[RECORDS PROVIDED Boundary: Start]

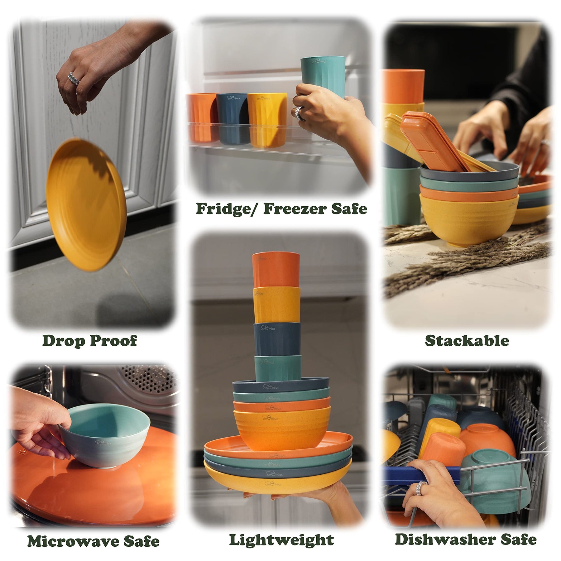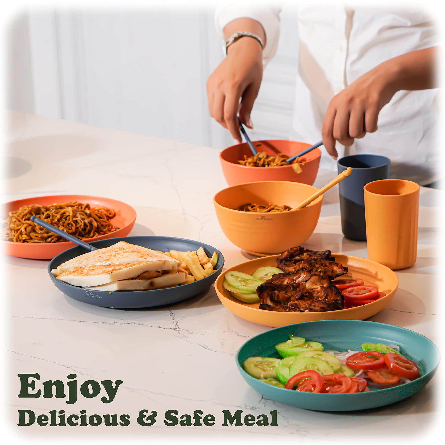 - LIGHTWEIGHT & STURDY WHEAT STRAW DINNERWARE SET : Our unbreakable dishes Have Smooth Finish Look In Vibrant Colors. This Non Breakable Dinnerware Is Like A Piece Of Art Which Enhances Home Décor!
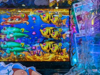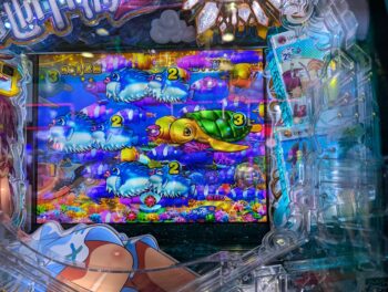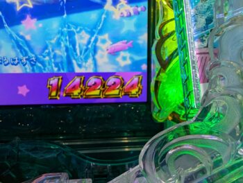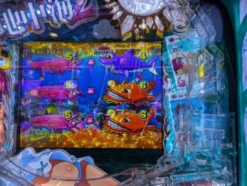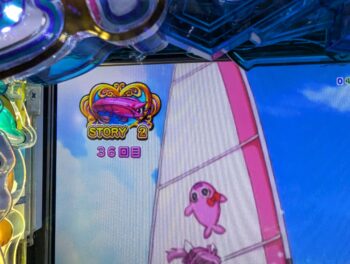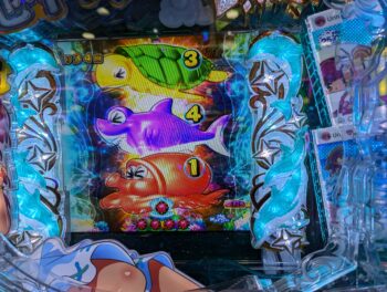 投資2Kの141回転で、先告知「ロゴランプ点滅」+右タテ「サメ」+魚群+サンゴ礁リーチ→「サメ」4R当たり。「チャンスタイム」には入りました。
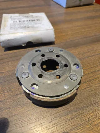 Copa de embrague para arranque de scooter Aprilia. Pieza metálica con estrías internas. Nuevo - Diseño circular con salientes exteriores.
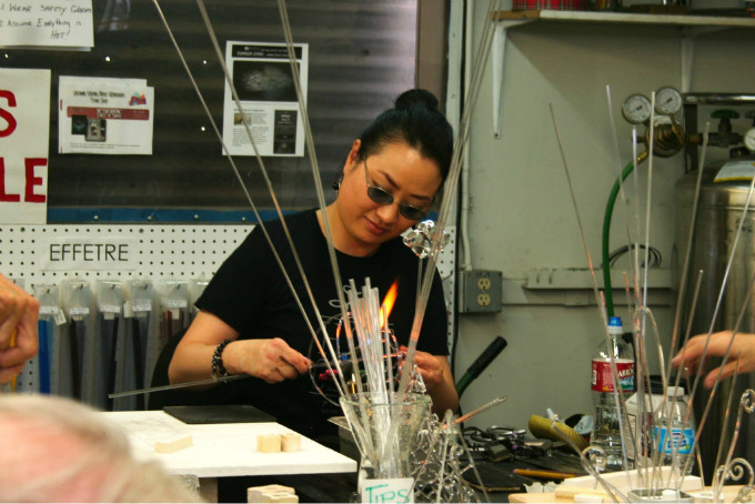 她不仅指导玻璃爱好者关于制作玻璃雕塑的方法,
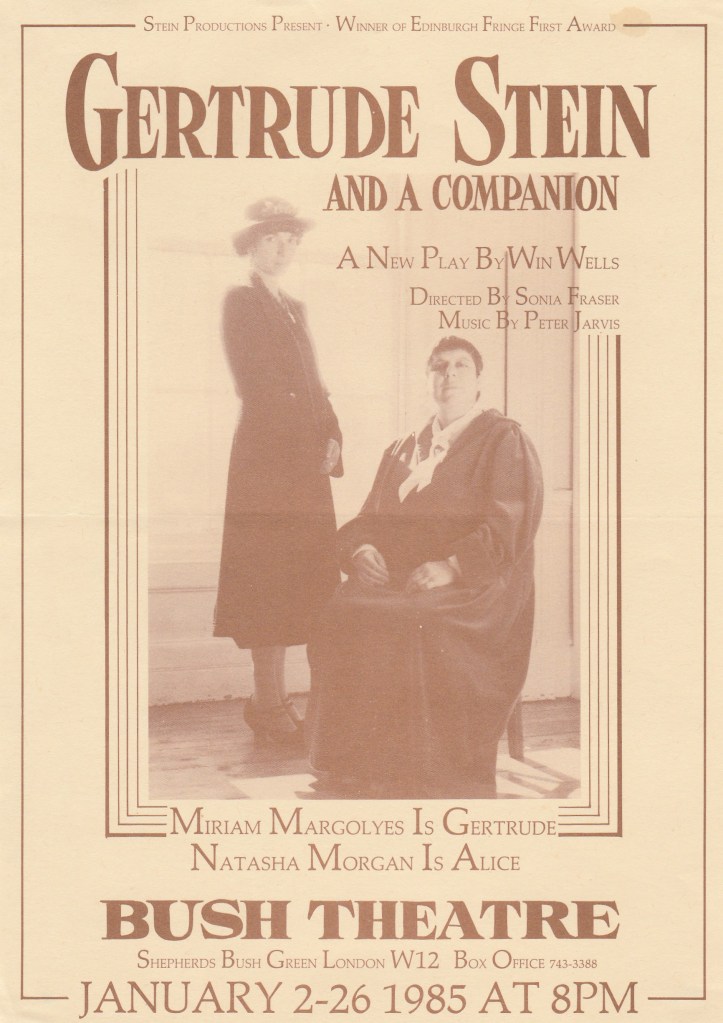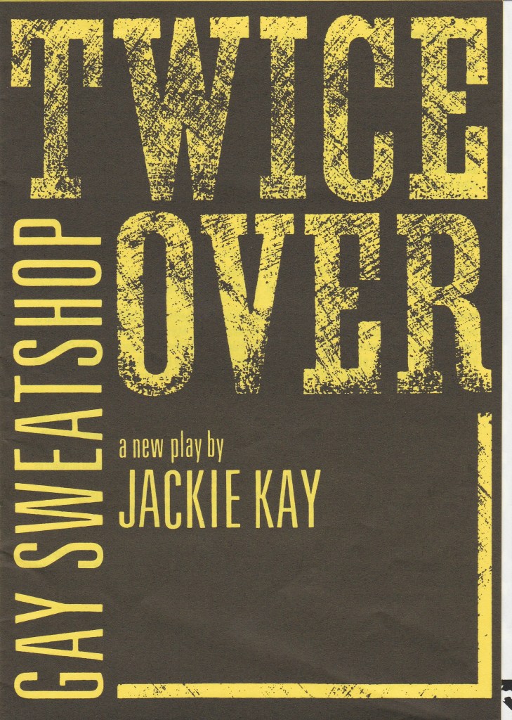 Lesbian theatre groups abounded. A lesbian feminist play could be a play that was written by a lesbian or about lesbians or preferably both, preferably also acted by lesbians, with themes around coming out such as Any Woman Can from 1976, which in its first one-night performance in Leicester starred Miriam Margolyles, seen in this slide in another play, Gertrude Stein and a Companion – and Jackie Kay’s Twice Over at the Drill Hall in 1988.
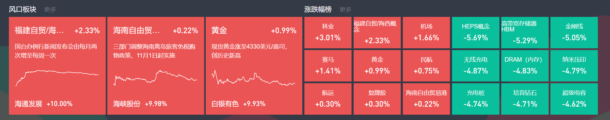 Market Overview - The market experienced a decline, with the Shenzhen Composite Index and ChiNext Index both dropping over 3%. Local stocks in Fujian showed resilience, with Pingtan Development hitting the daily limit. The Hainan Free Trade Port concept gained traction, with Haixia Co. also reaching the limit. Gold stocks continued to perform strongly, while several heavyweight stocks weakened, including a 10% drop in Sungrow Power Supply and a limit down for ZTE Corporation. Overall, nearly 4,800 stocks in the Shanghai and Shenzhen markets were in the red, with a total trading volume of 1.95 trillion yuan [1]. Hot Topics Fujian Free Trade Zone - The Fujian Free Trade Zone sector saw gains, with Haitong Development achieving two consecutive limit-ups, and Pingtan Development and Haixia Innovation also hitting the limit [3][4]. Hainan Free Trade Port - The Hainan Free Trade Port remained active, with Haixia Co. achieving two consecutive limit-ups and Hainan Airport rising by 6%. A new announcement from the Ministry of Finance, General Administration of Customs, and State Taxation Administration regarding the adjustment of duty-free shopping policies for travelers in Hainan will take effect on November 1. The official closure of the Hainan Free Trade Port is set for December 18, 2025, with less than 100 days remaining until its operation begins [5][6]. Gold Sector - The gold sector showed renewed strength, with silver and non-ferrous metals stocks also hitting the limit. The current gold price reached 4,330 USD per ounce, and historical data suggests that gold stocks often exhibit significant elasticity following an upward trend in gold prices [8][9].
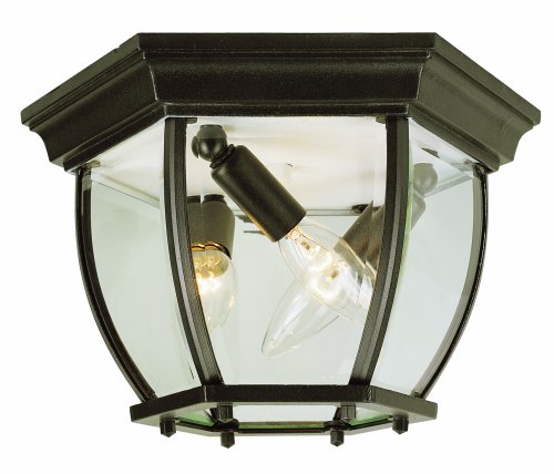 4906 BK Finish: Black, Size: 6.5" H x 11" W Pictured in black gold.This outdoor ceiling fixture allows maximum light to shine through with its clear glass panels. Features: -Flush mount. -Available in: -Black finish. -Black copper finish. -Black gold finish. -Rust finish. -White finish. -Swedish iron finish. -Verde green finish. . -Available in: -11'' Width size. -13'' Width size. . -Cast aluminum construction. -Beveled glass. Specifications: -11'' Flush mount accommodates (3) 60W candelabra base bulbs (not included). -13'' Flush mount accommodates (4) 60W medium base bulbs (not included). -UL listed. -11'' Flush mount dimensions: 6.5'' H x 11'' W. -13'' Flush mount dimensions: 6.5'' H x 13'' W.

[RECORDS PROVIDED Boundary: End]

- _TASK DETAILS_
Each line from the top of the records through the one containing "Lesbian theatre groups" needs to be transcribed exactly, without pictures.

- _TASK SOLUTION_
 - LIGHTWEIGHT & STURDY WHEAT STRAW DINNERWARE SET : Our unbreakable dishes Have Smooth Finish Look In Vibrant Colors. This Non Breakable Dinnerware Is Like A Piece Of Art Which Enhances Home Décor!
 投資2Kの141回転で、先告知「ロゴランプ点滅」+右タテ「サメ」+魚群+サンゴ礁リーチ→「サメ」4R当たり。「チャンスタイム」には入りました。
 Copa de embrague para arranque de scooter Aprilia. Pieza metálica con estrías internas. Nuevo - Diseño circular con salientes exteriores.
 她不仅指导玻璃爱好者关于制作玻璃雕塑的方法,
 Lesbian theatre groups abounded. A lesbian feminist play could be a play that was written by a lesbian or about lesbians or preferably both, preferably also acted by lesbians, with themes around coming out such as Any Woman Can from 1976, which in its first one-night performance in Leicester starred Miriam Margolyles, seen in this slide in another play, Gertrude Stein and a Companion – and Jackie Kay’s Twice Over at the Drill Hall in 1988.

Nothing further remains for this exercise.